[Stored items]
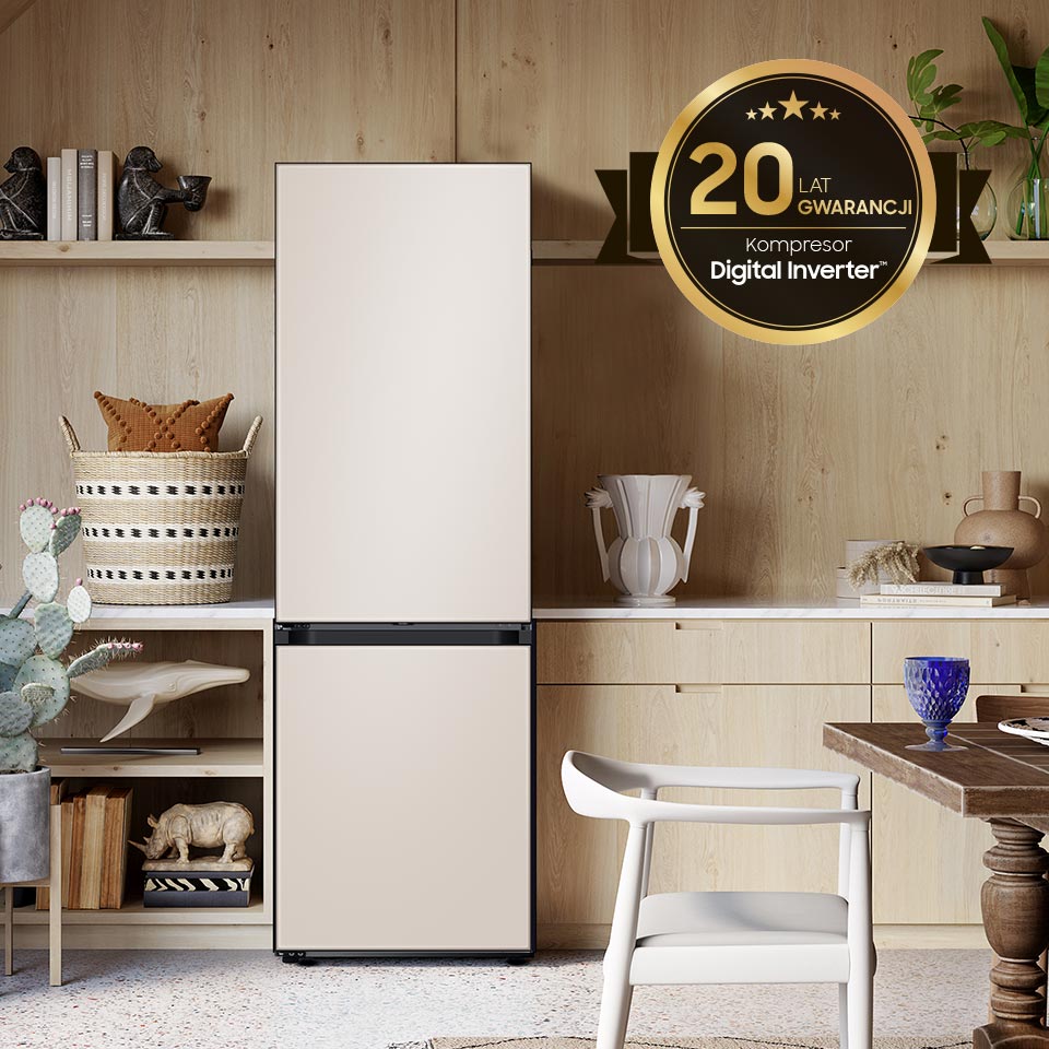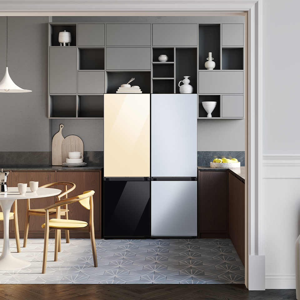 Шукаєте унікальний холодильник, який буде повністю відповідати стилю вашої кухні? Спробуйте модель RB34C7B5CAP, яка продається без дверних панелей. Ви можете підібрати їх ідеально, вибираючи з широкого асортименту кольорів і фактур. Важливо те, що якщо ви коли-небудь захочете змінити стиль своєї кухні, ви можете зробити це, не купуючи новий прилад - достатньо лише встановити панель іншого відтінку або фактури. Холодильник Bespoke поєднує в собі довговічність і функціональність, і в той же час може розвиватися разом з вами і стилем вашого будинку. Насолоджуйтеся індивідуальним рішенням серії Bespoke.
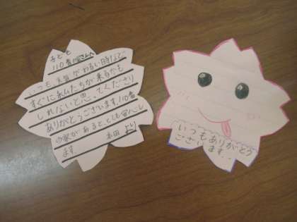 地域の方々に感謝の気持ちを伝える手紙を書きました。自分たちの生活を振り返ってみると、本当に多くの方々に支えられていることに気付くことができたようです。感謝の気持ちが届くといいなと思います。
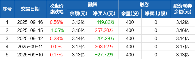 中远海科:融资净偿还419.82万元,融资余额3.12亿元(09-16)
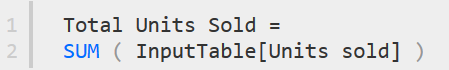 CALCULATE funksiyası ilə, measure seçilir, bizim misalımızda bu, Total Units Sold-dur. Və arxasından da bu measure hansı kriteriyalar ilə filterlənəcək, onu müəyyənləşdiririk.
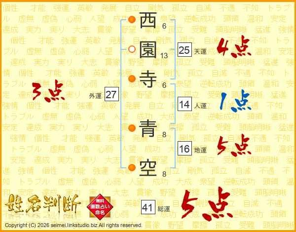 西園寺青空さんの総運は41画の5点!
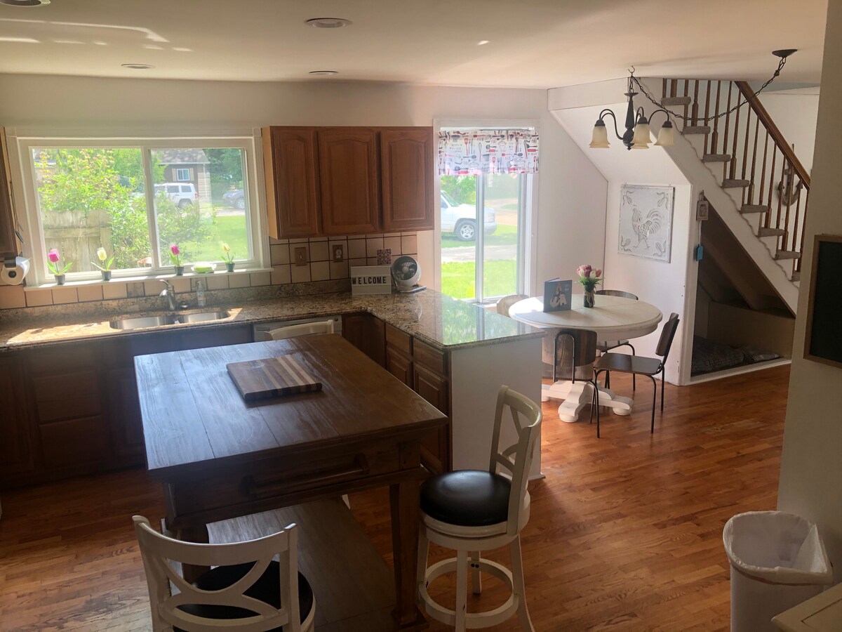 Nećete odsesti u bakinoj kolibi! Naša uredna i uredna seoska kuća puna je izmjena i prostora za cijelu porodicu, prijatelje i kućne ljubimce. Dvije privatne spavaće sobe i prostor za djecu u potkrovlju. Udaljeni smo samo nekoliko minuta hoda od jednog od 8 privatnih prilaza jezeru koje možete da koristite! Naš spoljni prostor je savršeno opremljen za odmor i ima POTPUNO NOVU HIDROMASAŽNU KADU! Uživajte u kafi na prednjoj terasi, roštiljajte na zadnjem dvorištu i sjedite oko vatre po mraku u ograđenom privatnom dvorištu.
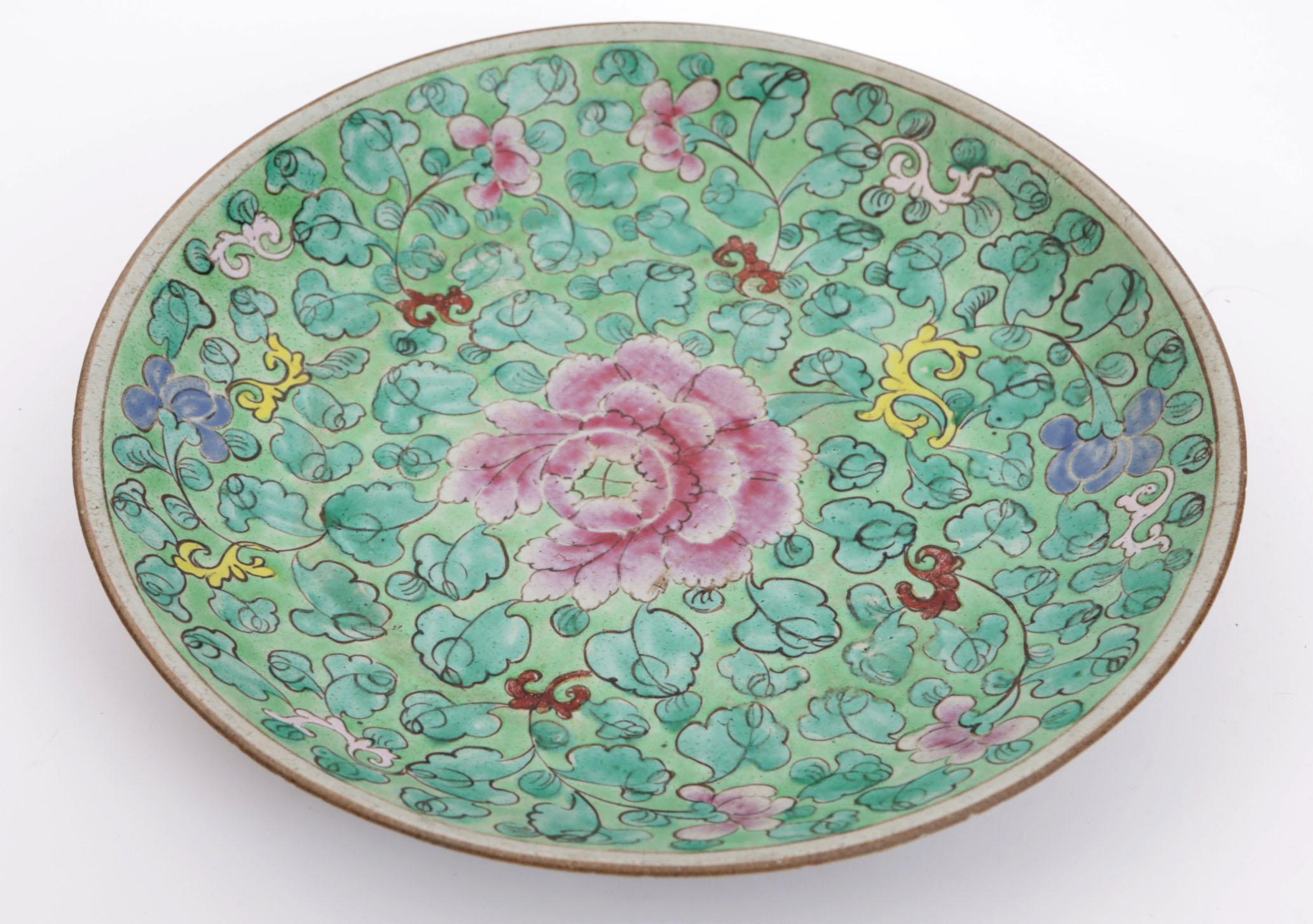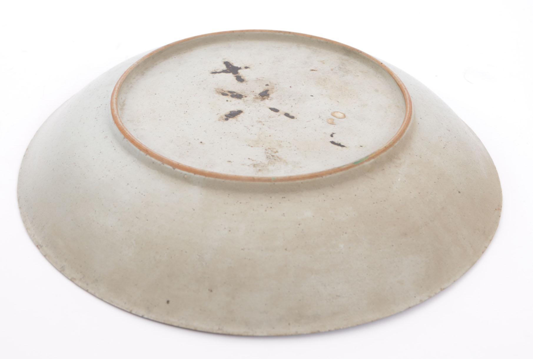 Met bloemen gedecoreerde aardewerken schotel, diam.32 cm.

▸ **Task**
A word-for-word reproduction is needed of the lines above from the line containing "中远海科:融资净偿还419.82万元,融资余额3.12亿元(09-16)" through the line containing "西園寺青空さんの総運は41画の5点!", with both ends kept and no pictures.

▸ **Exercise result**
 中远海科:融资净偿还419.82万元,融资余额3.12亿元(09-16)
 CALCULATE funksiyası ilə, measure seçilir, bizim misalımızda bu, Total Units Sold-dur. Və arxasından da bu measure hansı kriteriyalar ilə filterlənəcək, onu müəyyənləşdiririk.
 西園寺青空さんの総運は41画の5点!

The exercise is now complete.